Hi Sepideh,
It is my understanding that you want to create an algorithm which gives you the perfect matching decomposition of a k - regular bipartite graph. The function "PM_perfectMatchings" cannot be used directly in this case because it finds perfect matchings in a complete graph and since complete graphs of the same size are isomorphic, this function only takes the number of vertices as input. Below I provide a simple Depth first search based approach which finds a maximum matching in a bipartite graph. Since, you have asked for regular bipartite graphs, a maximum matching will also be a perfect matching in this case. Also, this function assumes that the input is the adjacency matrix of a regular bipartite graph. This function will then return a perfect matching of that graph.
function G = perfectMatch(adjMat1,nodes)
adjMatx = convertBipartite(adjMat1,nodes);
% converts the given adjacency matrix into an M x N matrix where M and N are the sizes of the partite
% sets of the input graph. In case of regular bipartite graphs M = N.
% Check the function "convertBipartite" defined below, first.

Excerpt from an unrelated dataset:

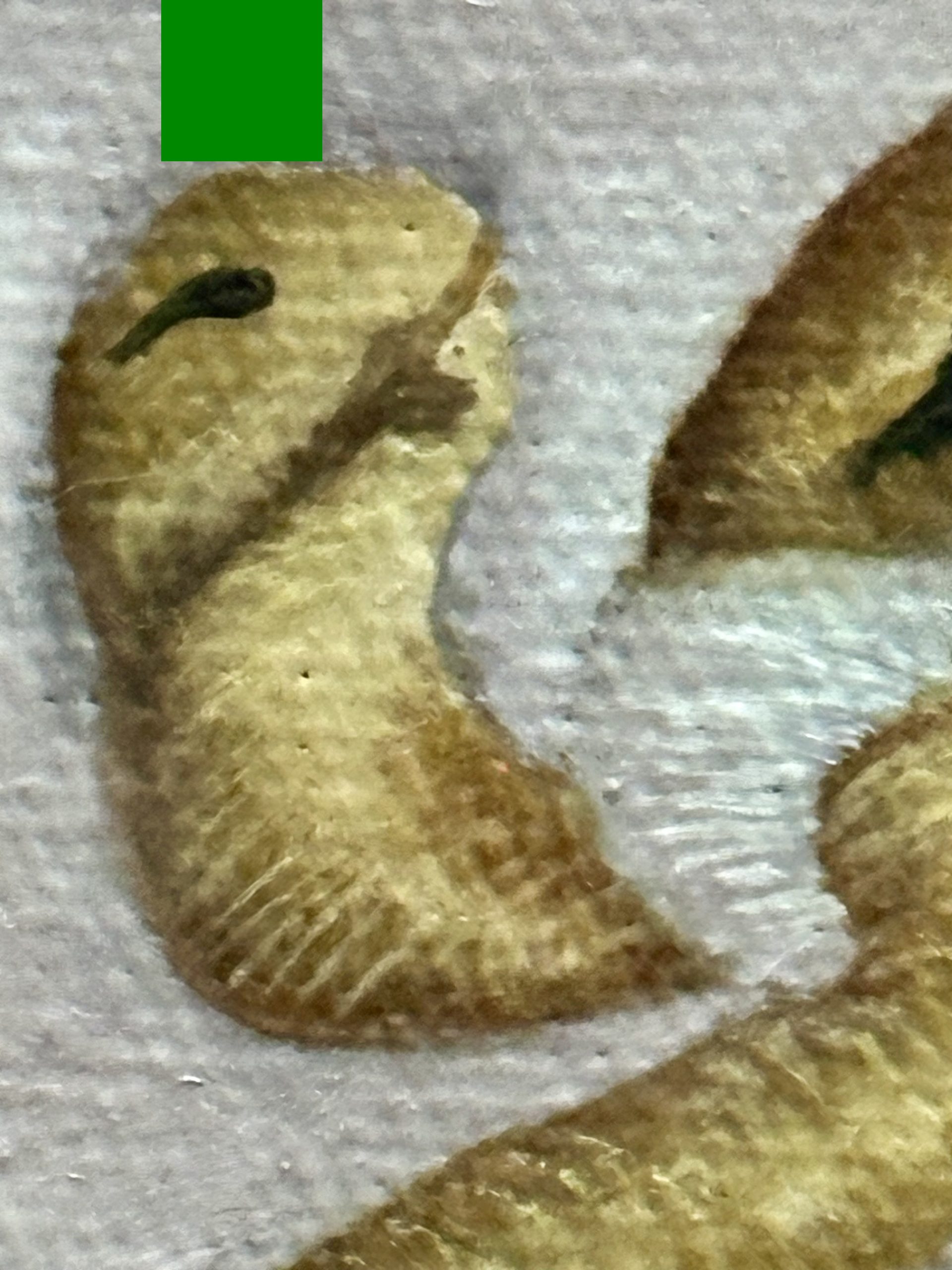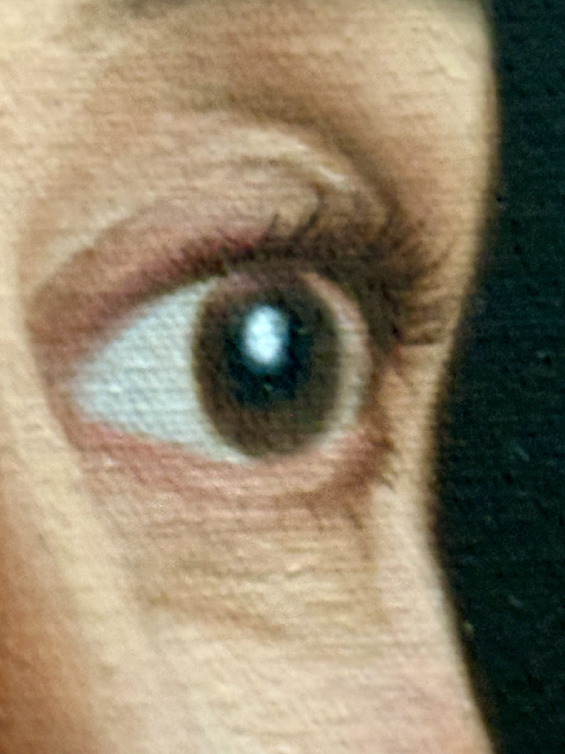 La composición se sostiene sobre un equilibrio solemne y clásico, donde el sujeto se presenta de tres cuartos sobre un fondo neutro de matices oscuros y terrosos, un recurso que remite a los grandes maestros y que sirve para resaltar la luminosidad de la figura central. La armonía cromática es elegante y sobria: la impoluta vestimenta blanca contrasta magníficamente con la penumbra del fondo, mientras que la Banda Presidencial introduce un acento de color vibrante y simbólico. González demuestra una destreza meticulosa en la textura, diferenciando magistralmente la suavidad de la tela del vestido, el brillo satinado de la banda tricolor y, muy especialmente, el relieve dorado del escudo nacional bordado, que captura la luz con un detallismo de orfebre.

% We use the logical array adjMatx to divide the input graph into two sets as below
[~,partiteSet1] = find(adjMatx);
[~,partiteSet2] = find(~adjMatx);
M = length(partiteSet1);
N = length(partiteSet2);
adjMat = zeros(M,N); %this M x N matrix will hold the transformed adjacency matrix
for i = 1:M
for j = 1:N
if (adjMat1(partiteSet1(i),partiteSet2(j)) == 1)
adjMat(i,j) = 1;
end
end
end
% adjMat(i,j) = 1 implies ith vertex of partite set 1 is connected to jth vertex in partite set 2
matchR = zeros(1,N);
for u = 1:M
%for each vertex u in partite set 1, create a boolean vector seen
%which donates the vertices in partite set 2 as false i.e. not explored from u
seen = false(1,N);
bpm(adjMat,u,seen,N); %this allots a vertex for u in the partite set 2
end
A = matchR; %A(a) = b implies partiteSet1(a) is connected to partiteSet2(b) in the matching
B = zeros(1,M);
C = zeros(1,N);
for x = 1:length(A)
B(x) = partiteSet1(x); %vertices in partite set 1 which are included in the matching
C(x) = partiteSet2(A(x)); %the corresponding vertices in the other partite set
end
G = graph(B,C);
function x = bpm(adjMat,u1,seen1,N)
for v = 1:N %for each vertex in partite set 2
if (adjMat(u1,v) == 1 && seen1(1,v) == false)

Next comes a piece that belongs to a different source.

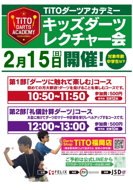 2026年2月15日(日)に、次世代を担う子供たちにダーツの楽しさを体感してもらえるよう、ダーツレクチャー会を開催いたします。
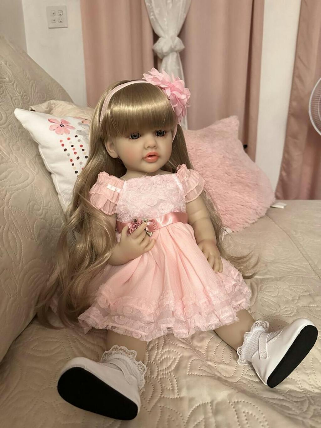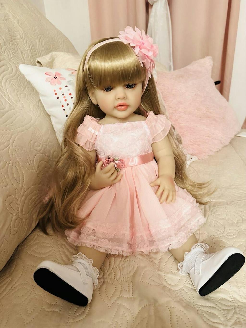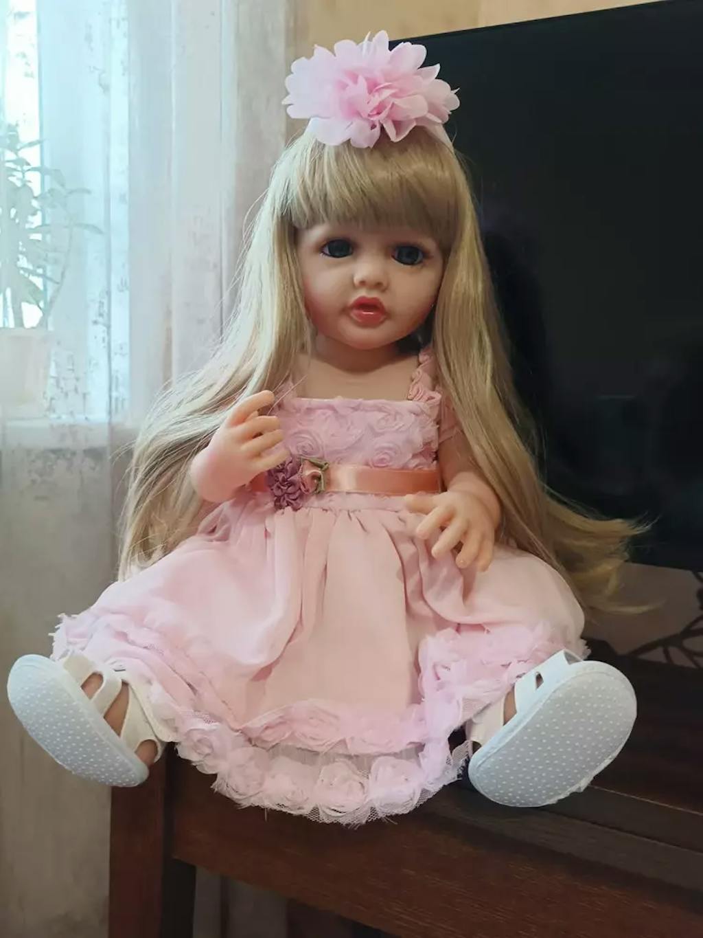 ❤ SIZE - 22''/ 55cm from head to toe, with a soft touch of the vinyl head, face and limbs, weighted body for a real baby feel and the kids can hand her to everywhere. ❤ HAIR - Hair can be washed and dressed. If the hair is a little messy, please use the special wig comb to take care of it gently. ❤ CLOTHES - Handmade. According to the doll size, The doll will come with random clothes. ❤ SAFETY CERTIFICATION - Conforms or exceeds the safety requirements of ASTM F963 and EN71 for ages 3+, which is safe for your children. ❤ GREAT FOR - Festival gifts, birthday gifts, children play with toys, grandpa or grandma accompany doll, lovers and collectors collection.

seen1(1,v) = true; %if v is connected to u1 from partite set 1 then mark seen1 as true
if(matchR(v) == 0 || bpm(adjMat,matchR(v),seen1,N) == true)

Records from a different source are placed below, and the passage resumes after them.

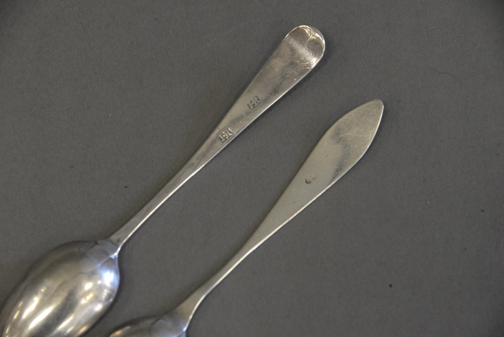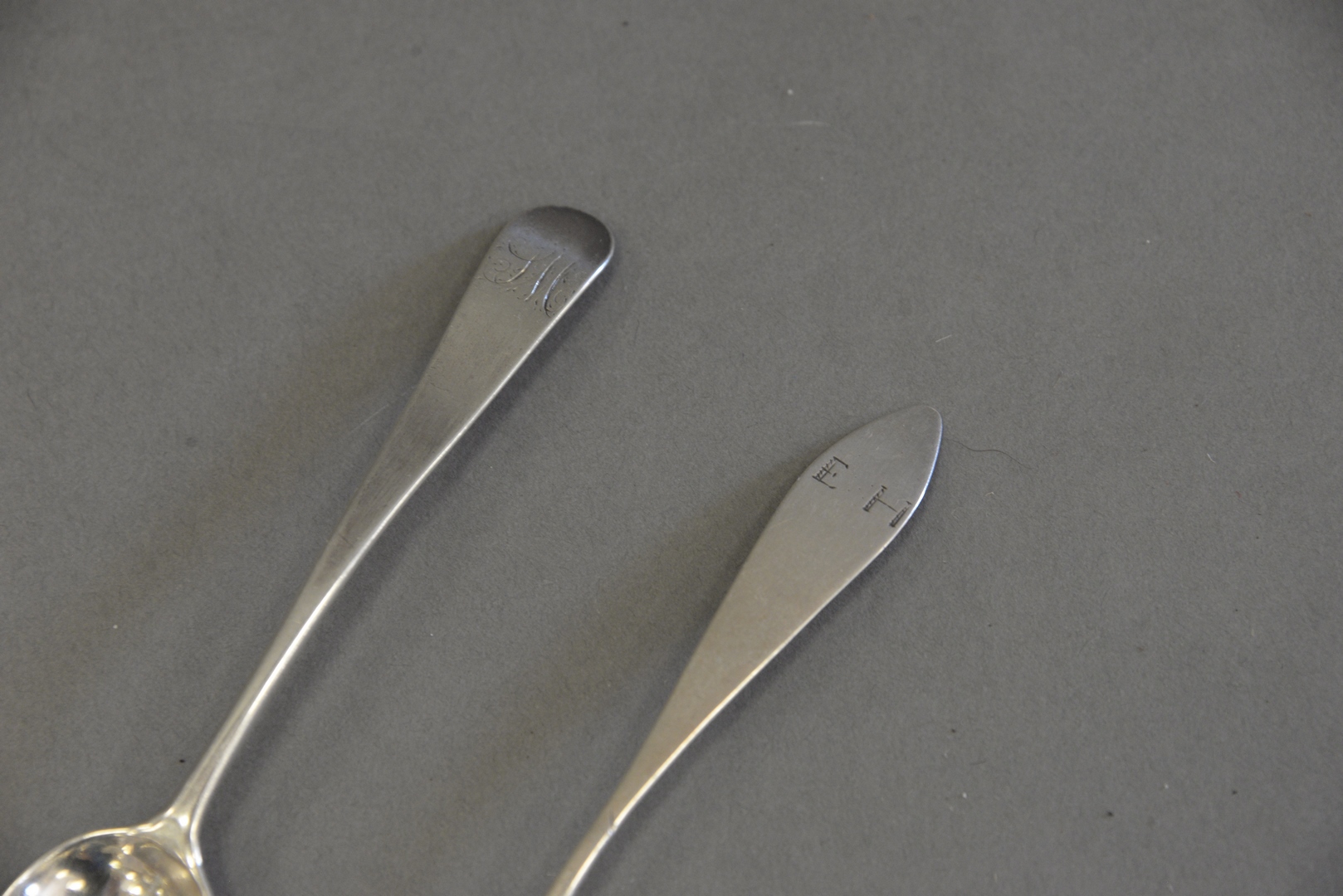Lot 7B: Two Early Silver Teaspoons, one marked J.R., probably Joseph Richardson, having some dents, length 5 1/2 inches.
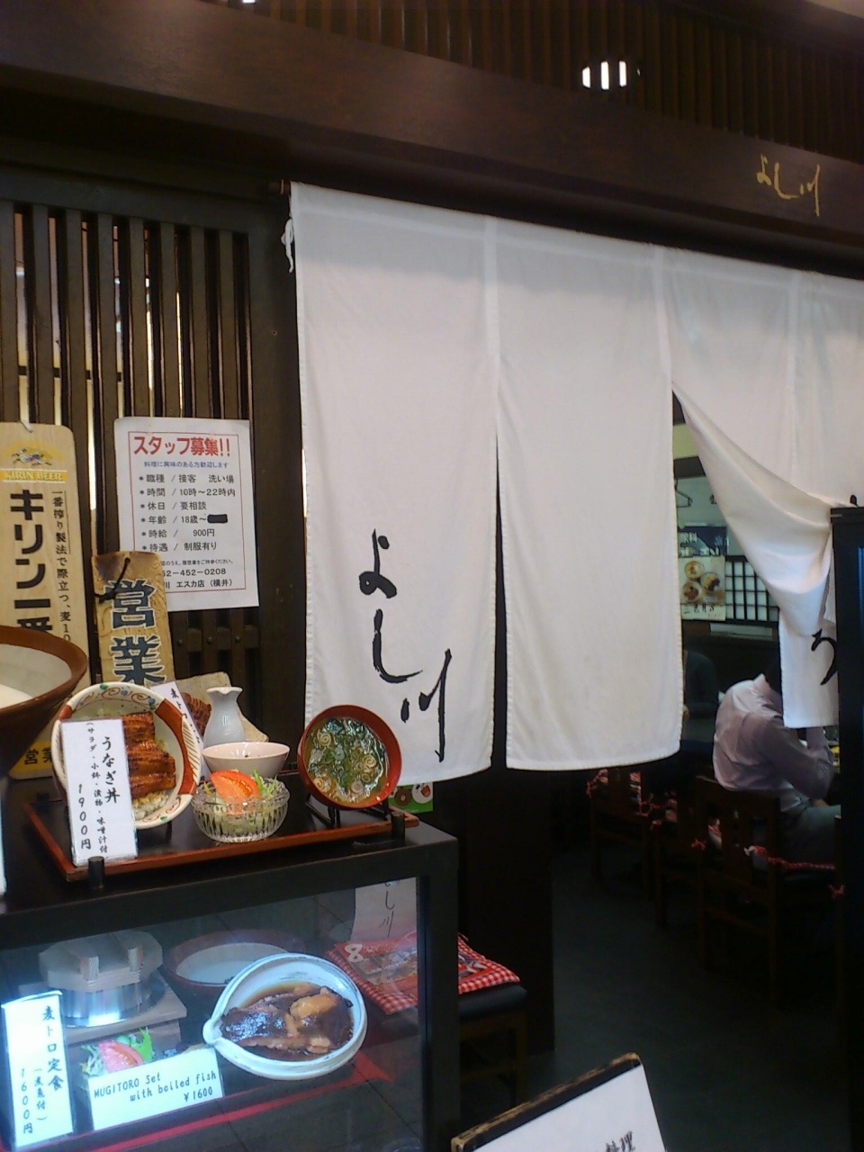 名古屋駅の新幹線側の地下街のエスカにあるお店です。麦とろの専門店で、麦飯にとろろに何かのおかずがセットになったものが各種あります。生姜焼きと麦とろのセットを注文。麦めしは、お釜に入った状態で出て来ます。これを茶碗によそって、とろろを自分の好みで掛けます。専門店だけあって、とろろは美味しいです。
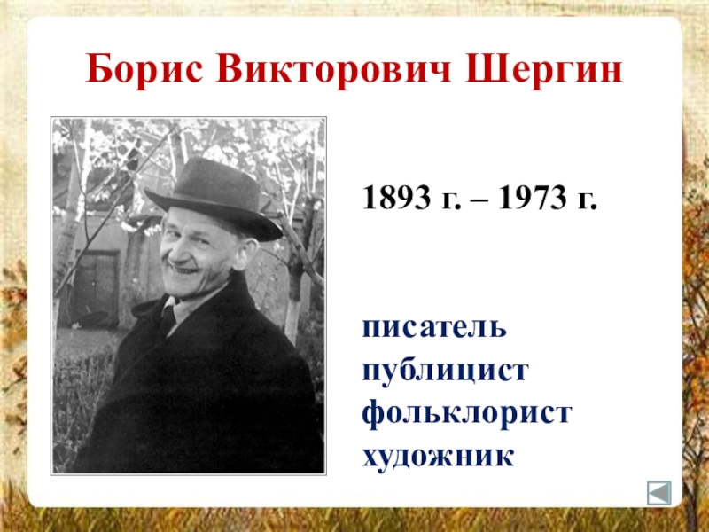 Борис Викторович Шергин1893 г. – 1973 г.писательпублицистфольклористхудожник

%if vertex v is not yet alloted to any vertex in partite set 1 or
%previously alloted vertex to v can be assigned some different vertex in set 2,then
matchR(1,v) = u1; %allot v to u1
x = true;
return;
end
end
end
x = false;
return;
end
end
% define this separately, this function returns an array color of size 1 x (no. of nodes) of 0s and 1s
% color(i) = j implies vertex i is in the jth partite set where j = 1 or 0
function A = convertBipartite(adjMat,nodes)
% This is a DFS based approach to identify the partite sets of a bipartite set by
% coloring them with two colors 0 and 1
color = zeros(1,nodes) - 1; % initialize by coloring with -1
% start is vertex 1;
pos = 1;
colorGraph(adjMat,nodes,pos,1);
A = color;
% Below function checks if input graph is two - colorable (bipartite) with two colors 1 and 0
function x = colorGraph(adjMat,V,pos,c)
if(color(pos) ~= -1 && color(pos) ~= c)
x = false; %if color of vertex number pos is not c or -1 that means
% the previous vertex and pos has same color thus graph is not bipartite, return.
return;
end
% color this vertex pos as c and all its neighbours as 1-c
color(pos) = c;
ans1 = true; %this holds the value true or false according to fact that input graph is
% two - colorable or not.
for i=1:V %loop through all vertices
if(adjMat(pos,i) == 1) % check if vertex i is a neighbor of pos
if(color(i) == -1) % if yes and i is uncolored
ans1 = ans1 && colorGraph(adjMat,V,i,1-c);
%recurse with the vertex i colored as 1-c
end
if(color(i) ~=-1 && color(i) ~= 1-c)
%if neighbor i of pos is colored but its color is not 1-c, then we know that
% input graph is not two - colorable i . e. bipartite
x = false;
return;
end
end
if (ans1 == false) %if at any point we encounter a situation like this, return false
x = false;
return;
end
end
%else, return true value
x = true;
return;
end
end
The function "perfectMatch" accepts the adjacency matrix and number of nodes in the graph as arguments. The graph must be bipartite and k - regular (k > 0). However, the function "convertBipartite" can be used to check the bipartiteness of the input graph.